I’ve known for a while that this one-year mark was approaching, but it seems weird that it’s finally here. Especially since I haven’t been on WordPress or Bloglovin or really anything in a while. And a big reason for that is because lately I’ve felt stuck. Ideas for blog posts will come to me, and some I’ll start writing out to see where they go, but they always leave me with the same feeling. And the same questions.
Why am I sharing this?
And why am I here?
I mean, who is reading this anyway?
And sure, some of that stems from my problems with self confidence. When you see yourself in a poor light, it can be downright mind-boggling that anyone gives so much as five minutes from their day just to read something you feel inclined to share with the internet. Especially when there is so much going on! Just on this website alone, I’ve felt that my content doesn’t really match that of my peers. But going against the whole internet, you start to wonder why anyone would click on your book reviews and random findings and rambling reflections of my life when there are real people doing really cool things. You start to think, why am I sharing this anyway?
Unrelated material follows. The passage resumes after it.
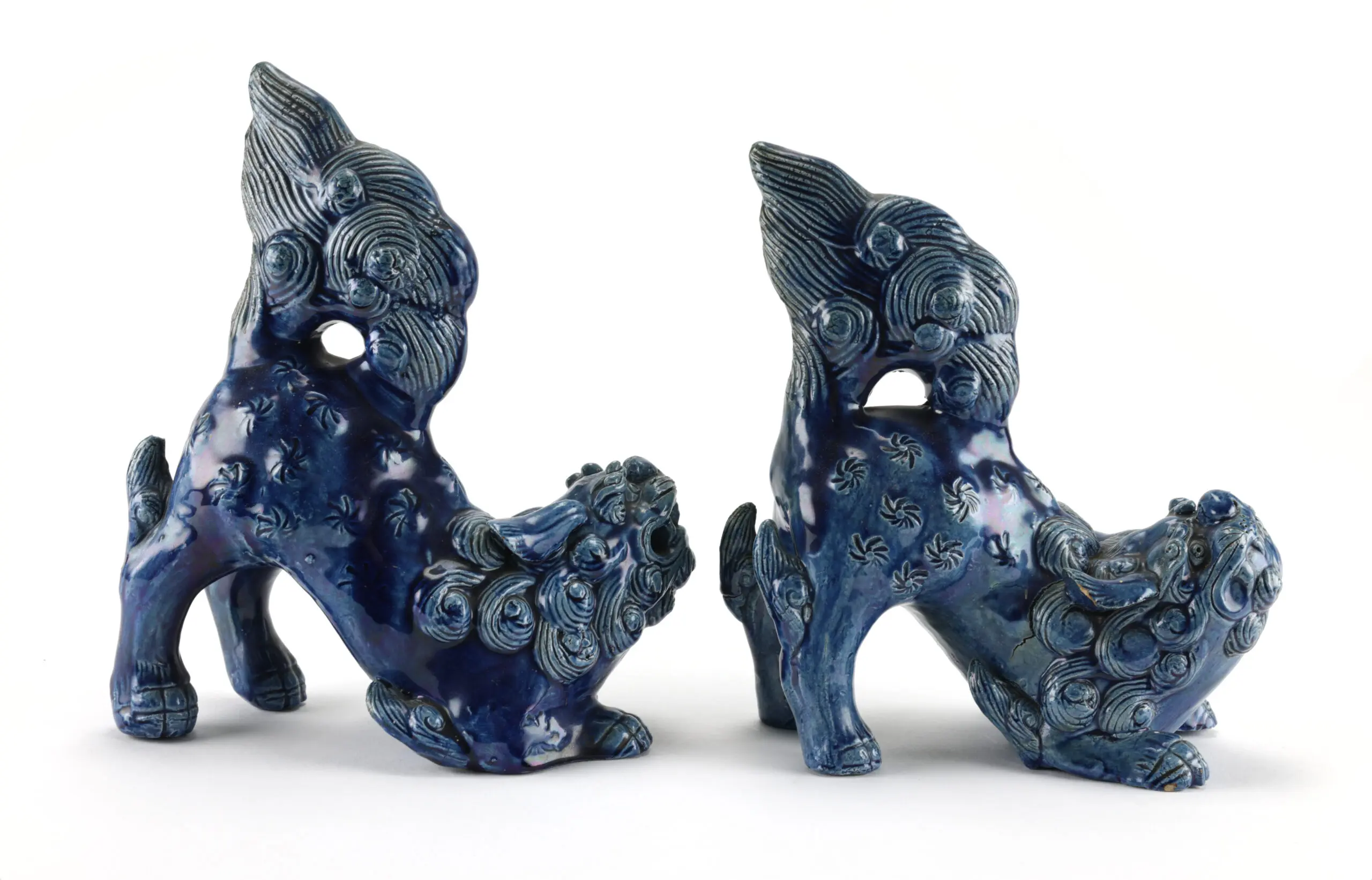 Zeldzame set van 2 Japanse Foo Dogs uit de 19de eeuw, uitgevoerd in diepblauw geglazuurd keramiek met krachtige uitstraling en verfijnde details.

Still, I sat down to write a 1-year blogiversary post mostly because it would just feel wrong not to. And it brought me back to the beginning. One year ago me, sitting at this very same computer, talking about what kind of character I want to be in this story that I’m writing.
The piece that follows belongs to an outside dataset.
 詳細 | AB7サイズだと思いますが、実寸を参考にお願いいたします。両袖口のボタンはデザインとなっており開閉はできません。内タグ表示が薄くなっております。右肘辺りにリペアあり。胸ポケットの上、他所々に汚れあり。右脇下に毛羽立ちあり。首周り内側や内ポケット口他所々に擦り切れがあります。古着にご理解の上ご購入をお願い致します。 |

And while this story has a long way to go, and this character has a lot (lot) more developing to do, things are happening. Changes are occurring. And I’m excited to continue and share them on here, because I do have answers to those questions. I’m here for me. I am using this blog to grow and learn more about myself and share my findings. And who’s reading this? Sure, my friends. My sister. Strangers on the internet. But who cares? That’s just a bonus–the likes and comments and socializing with people who I’d never have a chance to interact with otherwise. But it’s a pretty big bonus. There are some freicken cool people on this website, and I’m glad I get the chance to be among them, even in the smallest of ways.
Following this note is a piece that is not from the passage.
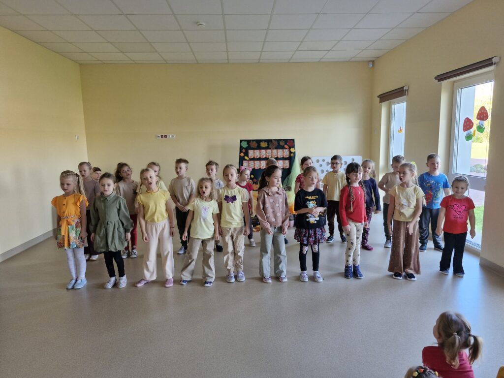 W Przedszkolu Publicznym „Na Akacjowym Wzgórzu” odbył się Poranek Jesienny. Każda z grup przygotowała piosenkę o tematyce jesiennej. Jak na przedszkolaków na medal przystało, śpiewały, wyklaskiwały rytmy, tańczyły i doskonale się przy tym bawiły. Poza występami dzieci wzięły udział w zabawie terenowej i poszukiwały skarbów jesieni. Na szczęście piękna pogoda nam dopisała i mogliśmy podziwiać też babie lato

So what is this post? A babbling mess? An excuse for why I haven’t been posting lately? A birthday present to my blog? Maybe it’s all of that, and maybe it’s nothing. Maybe I’ll hit “publish” and no one will read it and I’ll never look at it again, but that’s fine. Like I said, I’m learning more about myself through this weird website, and sometimes I just need to word vomit onto a page of the internet.
But that’s just me. And for a year now, WordPress has allowed me to do just that.
So maybe it’s clear now that this little corner of the internet doesn’t exactly showcase the best writing of our generation. Or make the most remarkable revelations or insights. Or even stay updated on a regular basis. But it’s here, and I’m glad. Because it won’t be going anywhere for a long time.